About this task – Please write the listing below out again exactly, leaving every picture behind.

Exercise data –

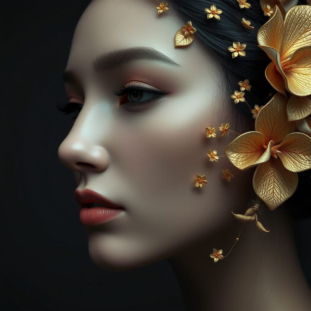 A woman's face adorned with shimmering gold accents, evoking the serenity of nature-inspired compositions, set against a moody dark gray backdrop. The scene unfolds in a loosely structured, flowerpunk atmosphere. Crafted with the finesse of zbrush, it embodies elegant realism, with elements of chiaroscuro lending depth. Her expression captures a timeless grace, as if emerging from a dream where art and nature intertwine seamlessly.
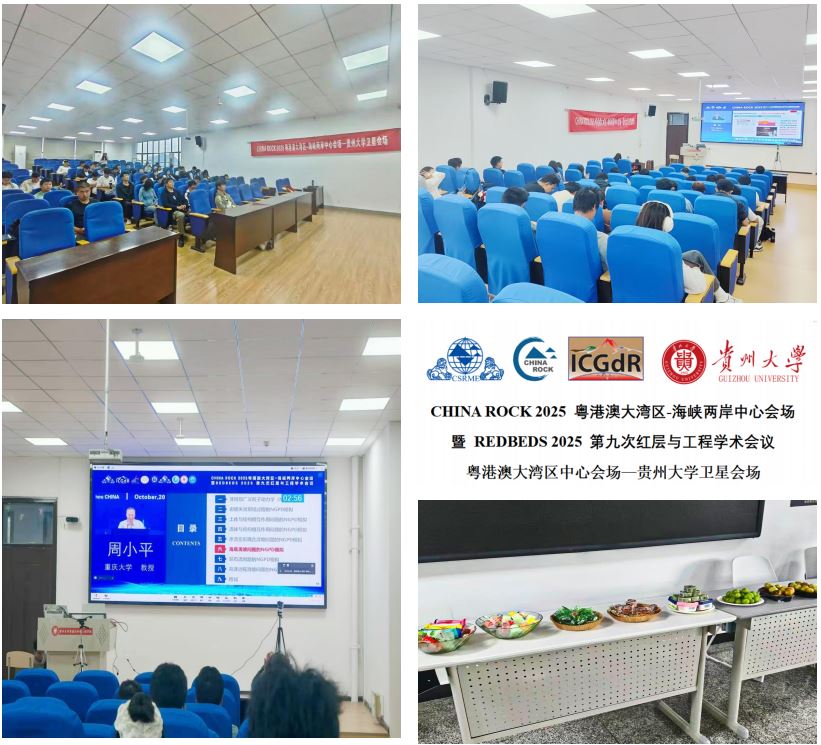 2025年10月17日至19日,CHINA ROCK 2025 第二十二次中国岩石力学与工程学术年会采用“主会场+中心会场+卫星会场”模式,主会场在雄安,粤港澳大湾区-海峡两岸中心会场暨REDBEDS 2025第九次全国红层与工程学术会议在福州召开,我院在资环楼521设置了CHINA ROCK 2025 粤港澳大湾区- 海峡两岸中心会场-贵州大学卫星会场,地质工程专业师生累计200余人次参加了本次卫星会议。
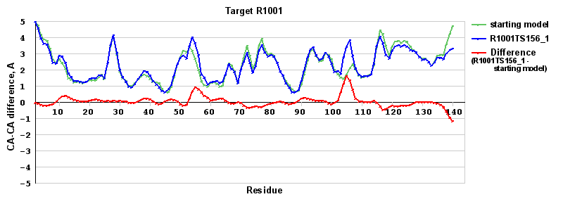 | Red line = (blue line) - (green thick line): difference between the corresponding Refined Model-Target and Starting Model-Target CA-CA distances (see above). Negative values show regions where the reifned model has better fit to the target than the starting model, i.e. areas of potential improvement. |

Result below –
 A woman's face adorned with shimmering gold accents, evoking the serenity of nature-inspired compositions, set against a moody dark gray backdrop. The scene unfolds in a loosely structured, flowerpunk atmosphere. Crafted with the finesse of zbrush, it embodies elegant realism, with elements of chiaroscuro lending depth. Her expression captures a timeless grace, as if emerging from a dream where art and nature intertwine seamlessly.
 2025年10月17日至19日,CHINA ROCK 2025 第二十二次中国岩石力学与工程学术年会采用“主会场+中心会场+卫星会场”模式,主会场在雄安,粤港澳大湾区-海峡两岸中心会场暨REDBEDS 2025第九次全国红层与工程学术会议在福州召开,我院在资环楼521设置了CHINA ROCK 2025 粤港澳大湾区- 海峡两岸中心会场-贵州大学卫星会场,地质工程专业师生累计200余人次参加了本次卫星会议。
 | Red line = (blue line) - (green thick line): difference between the corresponding Refined Model-Target and Starting Model-Target CA-CA distances (see above). Negative values show regions where the reifned model has better fit to the target than the starting model, i.e. areas of potential improvement. |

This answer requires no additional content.